# Another STUD Wahoo out of P.C.



## WACKEM&STACKEM! (Dec 9, 2008)

My good buddy Andy and his friend Andrew caught this 98lb stud trolling 12 miles South of Panama City on a super secret wahoo honey hole. Before I catch a bunch of crap, like I did for posting my buddies gf's wahoo that weighed 97lbs, I DID NOT CATCH THIS FISH, I AM POSTING FOR A FRIEND. Not a bad fish considering it was caught out of a 17' Cape Horn on a red and black ilander with a 30 wide :thumbsup:


----------



## cody&ryand (Oct 3, 2007)

Heck of a fish


----------



## Jsullivansnapper (Apr 19, 2012)

Wow awesome fish can't fit it in any ice chest


----------



## Moparbryan67 (Apr 12, 2008)

Killer Wahoo.


----------



## DAWGONIT (Jan 16, 2009)

Nice work.
Think I had it's twin on Thursday.


----------



## Scruggspc (Mar 20, 2013)

Nice hooter. Got me by one pound. That damn Andy!


----------



## WACKEM&STACKEM! (Dec 9, 2008)

Scruggspc said:


> Nice hooter. Got me by one pound. That damn Andy!
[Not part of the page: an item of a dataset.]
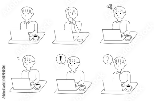 パソコン作業中の男性の様々な表情とリアクションセット

 He'll do it to u everytime. He's got that favor with everything he does :001_huh:


----------



## cobe killer (Apr 13, 2008)

awesome hoo-daddy!!!!


----------



## tank banger (Oct 2, 2012)

Nice!!! :notworthy:


----------



## jeremyledford (Jun 24, 2012)

That is a man! Very nice.


----------



## bquared (May 25, 2011)

No crap from me for the post! That is a stud, whoever caught it!


----------



## 85okhai (Mar 15, 2010)

seems like the wahoo fishing has been on fire in PC! screw snapper fishing ill eat wahoo over snapper any day!


----------



## clunan1 (Mar 27, 2010)

very nice!


----------



## PELAGIC PIRATE (Oct 10, 2007)

Thats a true Giant Hoo

As soon as i leave PC : the 100 pounders start jumping in the boat for joy.....

Congrats :thumbsup:


----------



## Lexcore (May 5, 2012)

:thumbup:awesome:thumbup::yes: how hard was it getting it in, your picture looks like it was a breeze? :no: I know if you have the gear, it is as easy as drinking a bear :whistling: my rap is awesome :no:


----------



## snprman (Jun 17, 2013)

Great whoo, were you able to measure the whoo? I caught one long time ago and had it mounted. At the time I had no way of weighing it. Just would like to compare if you have the measurements.

Thanks, John


----------



## PELAGIC PIRATE (Oct 10, 2007)

snprman said:


> Great whoo, were you able to measure the whoo? I caught one long time ago and had it mounted. At the time I had no way of weighing it. Just would like to compare if you have the measurements.
> 
> Thanks, John


I got one mounted here in my office i caught in Venice LA on a spin rod and a CD 18 rapala :

73 and 3/4 inches long 
36 inch girth 
111 Pounds


----------



## snprman (Jun 17, 2013)

Thanks for that. I just mesasured mine, it is 69'' long and 24" girth. I esimated at 80-85 pounds, does that sound about right?

John


----------



## my3nme (Oct 9, 2007)

Nasty


----------



## panhandlephinsphan (Aug 25, 2008)

what speed are you trolling at for the hoos? trying a few different techniques.

Thanks,

Pan


----------



## pilotkal (May 31, 2012)

nice hoo


----------